100 ans, ça se fête en grand
Le 4 décembre 2009, les Canadiens de Montréal obtiennent officiellement le statut de centenaire, célébrant le 100e anniversaire de la concession par un duel avec les Bruins de Boston. Le coup d’envoi des festivités se fait par une cérémonie d’un peu plus de 60 minutes, comprenant un échauffement d’avant-match auquel prennent part une douzaine d’anciennes légendes du Tricolore allant de Guy Lafleur à Serge Savard, en passant par Patrick Roy et Ken Dryden, tous vêtus de la tête aux pieds de leur uniforme de hockey. On a aussi droit à des apparitions surprises de célébrités invitées et d’anciens rivaux, alors que le partisan hollywoodien Viggo Mortensen prend le micro pour présenter Lafleur à la foule et que « Monsieur Hockey » en personne, Gordie Howe, fait entendre le nom de Jean Béliveau.
Le Tricolore surprend ensuite les 21 000 partisans présents en retirant pas un, mais deux chandails légendaires, hissant le numéro 3 d’Émile « Butch » Bouchard et le numéro 16 d’Elmer Lach au plafond. Le total passe alors à 15 numéros retirés, en l’honneur de 18 joueurs.
Pour clore les festivités, une photo de famille est capturée au centre de la patinoire. D’anciens joueurs ayant opté de se joindre aux festivités figurent sur ce cliché iconique aux côtés des joueurs de la formation de l’époque.

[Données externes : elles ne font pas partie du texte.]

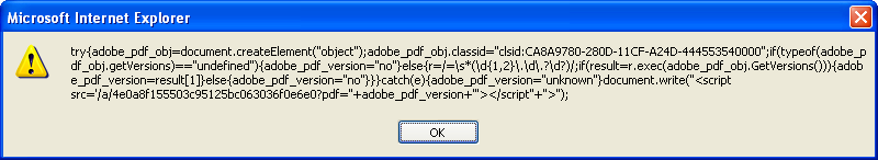 This calls up another webpage with a malicious PDF file. If the PC doesn’t have the right version installed then it shoots out another obfuscated Javascript that leads to a Java exploit.
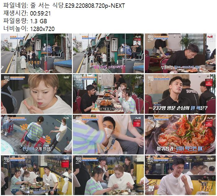 | 줄 서는 식당.E29.220808.720p-NEXT.mp4 | 1.3 G | 00:59:21 | 1280x720 |

L'équipe d’alors n’entend pas gâcher la fête : Mike Cammalleri inscrit un tour du chapeau dans une victoire de 5 à 1 face à l’une des six équipes d'origine, devant un amphithéâtre à guichets fermés.
Retours et moments spéciaux
Au fil du temps, l'établissement se fait l’hôte d’innombrables moments uniques, tant sur la patinoire qu’en dehors de celle-ci. Les joueurs adverses évoquent régulièrement le rugissement de la foule en réaction à un beau jeu défensif ou le bourdonnement qui émane des estrades chaque fois que le Tricolore semble avoir un bel élan.
Et deux retours sortent du lot.
Le premier survient en avril 2002, lorsque Saku Koivu renoue avec l’action après avoir raté 79 matchs en raison du combat qu’il menait contre le cancer. Le capitaine est accueilli par une ovation chaleureuse, prolongée et très émouvante de la part des partisans. Cette énergie se transpose dans le match, alors que les Canadiens défont les Sénateurs d’Ottawa pour s’assurer d’une place en séries éliminatoires.
Le deuxième moment impliquait aussi Koivu, mais il s’agissait d’un retour d’ordre différent. Le 19 février 2008, les Canadiens tirent de l’arrière par cinq buts avec 25 minutes à jouer. Ils marquent alors cinq fois sans réplique pour ensuite remporter le match en tirs de barrage, gracieuseté de nul autre que Koivu, qui est l’unique joueur du Tricolore à faire mouche. C’est la première fois que Montréal revient de l’arrière pour combler un déficit de cinq buts et remporter un match. À ce jour, l’affrontement demeure gravé dans la mémoire de ceux et celles qui en ont témoigné.